WHAT YOU NEED TO DO = Given the records that follow, return each one verbatim.

(Data extracted from a collection)

▬▬▬

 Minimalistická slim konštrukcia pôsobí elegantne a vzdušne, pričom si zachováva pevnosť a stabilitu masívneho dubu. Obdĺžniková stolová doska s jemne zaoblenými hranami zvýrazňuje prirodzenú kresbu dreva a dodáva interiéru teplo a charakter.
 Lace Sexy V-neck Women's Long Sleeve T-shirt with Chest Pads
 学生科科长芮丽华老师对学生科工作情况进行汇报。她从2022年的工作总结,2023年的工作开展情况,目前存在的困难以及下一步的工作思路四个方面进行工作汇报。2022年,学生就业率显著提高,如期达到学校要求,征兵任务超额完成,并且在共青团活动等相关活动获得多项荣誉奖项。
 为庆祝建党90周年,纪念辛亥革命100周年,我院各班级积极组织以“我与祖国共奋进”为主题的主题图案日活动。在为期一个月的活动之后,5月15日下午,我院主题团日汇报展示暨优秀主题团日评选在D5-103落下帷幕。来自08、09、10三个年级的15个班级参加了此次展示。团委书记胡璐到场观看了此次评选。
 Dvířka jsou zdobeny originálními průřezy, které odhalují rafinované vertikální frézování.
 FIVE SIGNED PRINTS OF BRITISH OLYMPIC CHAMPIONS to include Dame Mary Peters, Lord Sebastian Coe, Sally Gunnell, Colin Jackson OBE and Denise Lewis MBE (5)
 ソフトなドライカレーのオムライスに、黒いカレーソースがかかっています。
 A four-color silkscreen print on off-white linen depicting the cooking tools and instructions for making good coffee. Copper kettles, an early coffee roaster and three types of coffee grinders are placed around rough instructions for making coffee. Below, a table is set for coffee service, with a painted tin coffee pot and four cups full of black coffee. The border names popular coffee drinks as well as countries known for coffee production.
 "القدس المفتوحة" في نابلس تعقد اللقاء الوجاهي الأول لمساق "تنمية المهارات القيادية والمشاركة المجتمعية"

▬▬▬

RESPONSE TO THE EXERCISE =
 Minimalistická slim konštrukcia pôsobí elegantne a vzdušne, pričom si zachováva pevnosť a stabilitu masívneho dubu. Obdĺžniková stolová doska s jemne zaoblenými hranami zvýrazňuje prirodzenú kresbu dreva a dodáva interiéru teplo a charakter.
 Lace Sexy V-neck Women's Long Sleeve T-shirt with Chest Pads
 学生科科长芮丽华老师对学生科工作情况进行汇报。她从2022年的工作总结,2023年的工作开展情况,目前存在的困难以及下一步的工作思路四个方面进行工作汇报。2022年,学生就业率显著提高,如期达到学校要求,征兵任务超额完成,并且在共青团活动等相关活动获得多项荣誉奖项。
 为庆祝建党90周年,纪念辛亥革命100周年,我院各班级积极组织以“我与祖国共奋进”为主题的主题图案日活动。在为期一个月的活动之后,5月15日下午,我院主题团日汇报展示暨优秀主题团日评选在D5-103落下帷幕。来自08、09、10三个年级的15个班级参加了此次展示。团委书记胡璐到场观看了此次评选。
 Dvířka jsou zdobeny originálními průřezy, které odhalují rafinované vertikální frézování.
 FIVE SIGNED PRINTS OF BRITISH OLYMPIC CHAMPIONS to include Dame Mary Peters, Lord Sebastian Coe, Sally Gunnell, Colin Jackson OBE and Denise Lewis MBE (5)
 ソフトなドライカレーのオムライスに、黒いカレーソースがかかっています。
 A four-color silkscreen print on off-white linen depicting the cooking tools and instructions for making good coffee. Copper kettles, an early coffee roaster and three types of coffee grinders are placed around rough instructions for making coffee. Below, a table is set for coffee service, with a painted tin coffee pot and four cups full of black coffee. The border names popular coffee drinks as well as countries known for coffee production.
 "القدس المفتوحة" في نابلس تعقد اللقاء الوجاهي الأول لمساق "تنمية المهارات القيادية والمشاركة المجتمعية"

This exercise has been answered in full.